Records for this exercise>
--- START ---
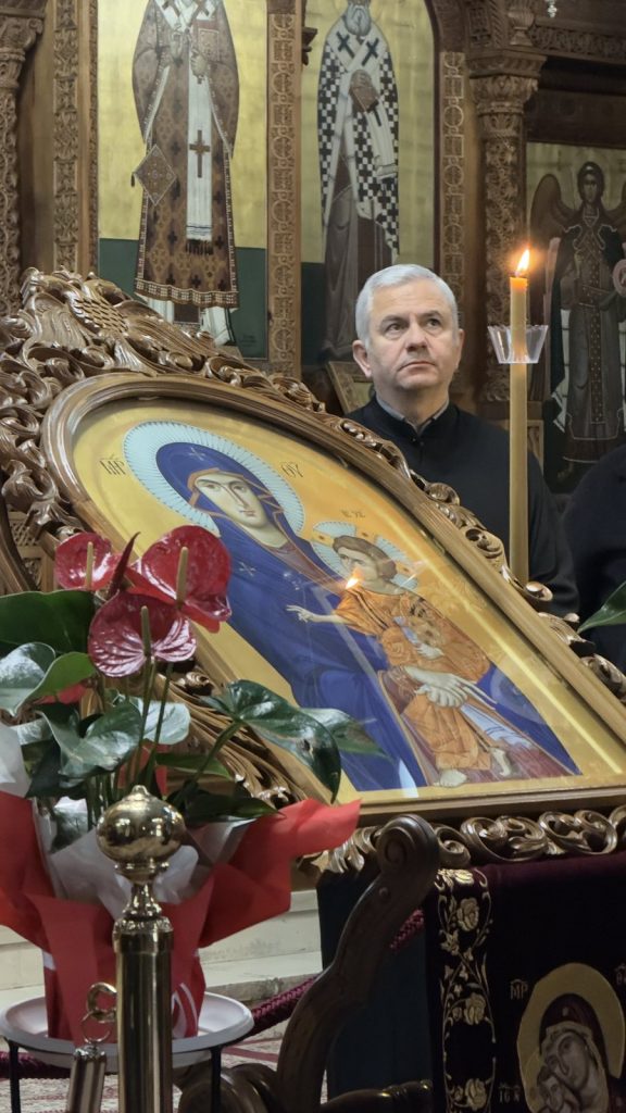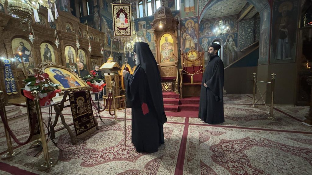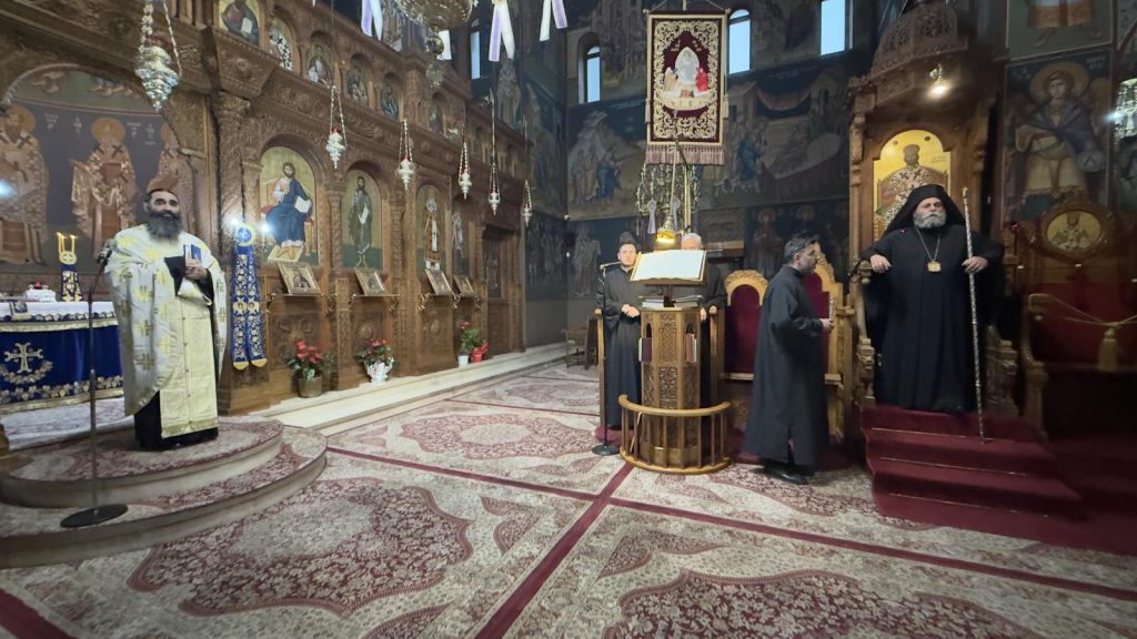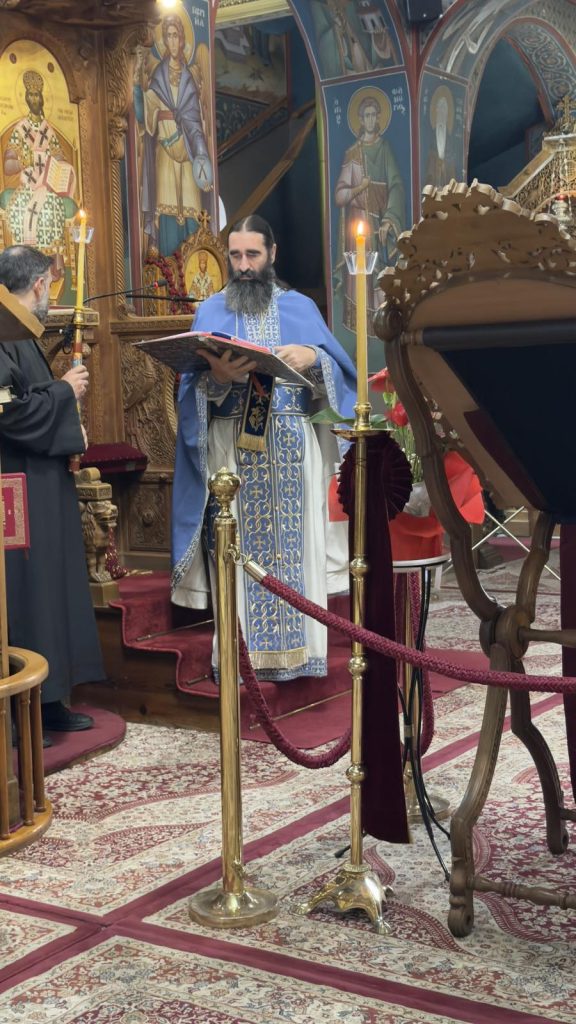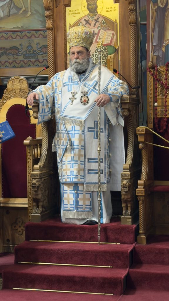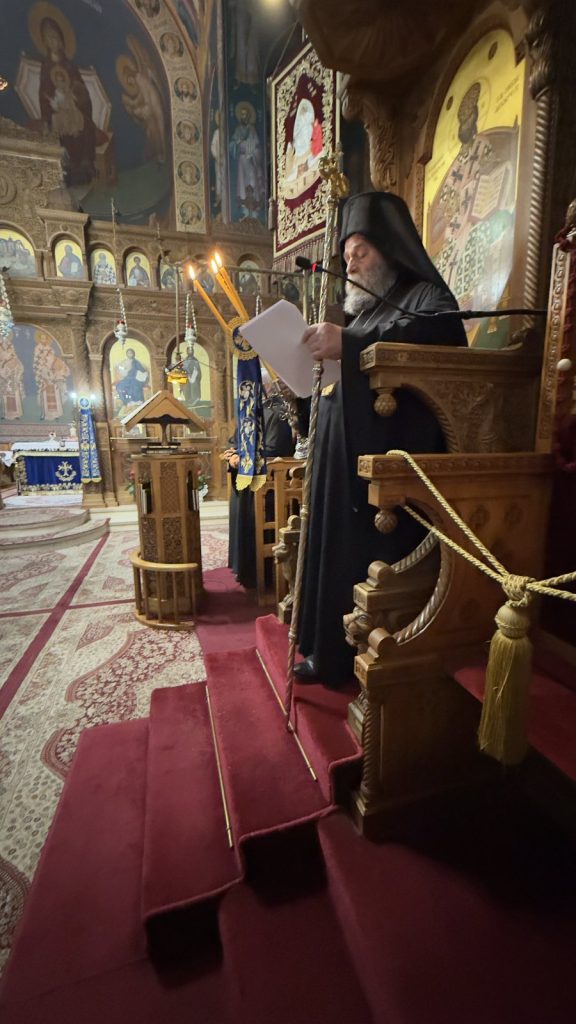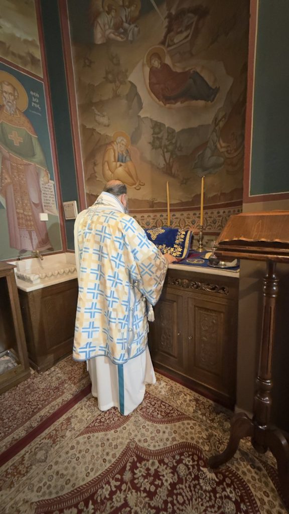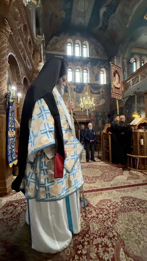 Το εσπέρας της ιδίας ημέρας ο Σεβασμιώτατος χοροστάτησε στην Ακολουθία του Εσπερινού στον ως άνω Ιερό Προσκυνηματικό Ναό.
--- END ---
--- START ---
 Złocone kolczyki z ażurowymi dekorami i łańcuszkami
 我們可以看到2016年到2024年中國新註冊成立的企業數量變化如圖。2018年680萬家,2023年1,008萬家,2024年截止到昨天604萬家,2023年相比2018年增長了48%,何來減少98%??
--- END ---
--- START ---
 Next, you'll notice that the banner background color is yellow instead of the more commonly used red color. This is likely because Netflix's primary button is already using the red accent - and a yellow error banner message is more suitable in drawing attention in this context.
--- END ---
Assignment>
Of the entries above, repeat exactly the lines from the line with "Złocone kolczyki z" through the line with "我們可以看到2016年到20", both of them included.

Finished exercise>
 Złocone kolczyki z ażurowymi dekorami i łańcuszkami
 我們可以看到2016年到2024年中國新註冊成立的企業數量變化如圖。2018年680萬家,2023年1,008萬家,2024年截止到昨天604萬家,2023年相比2018年增長了48%,何來減少98%??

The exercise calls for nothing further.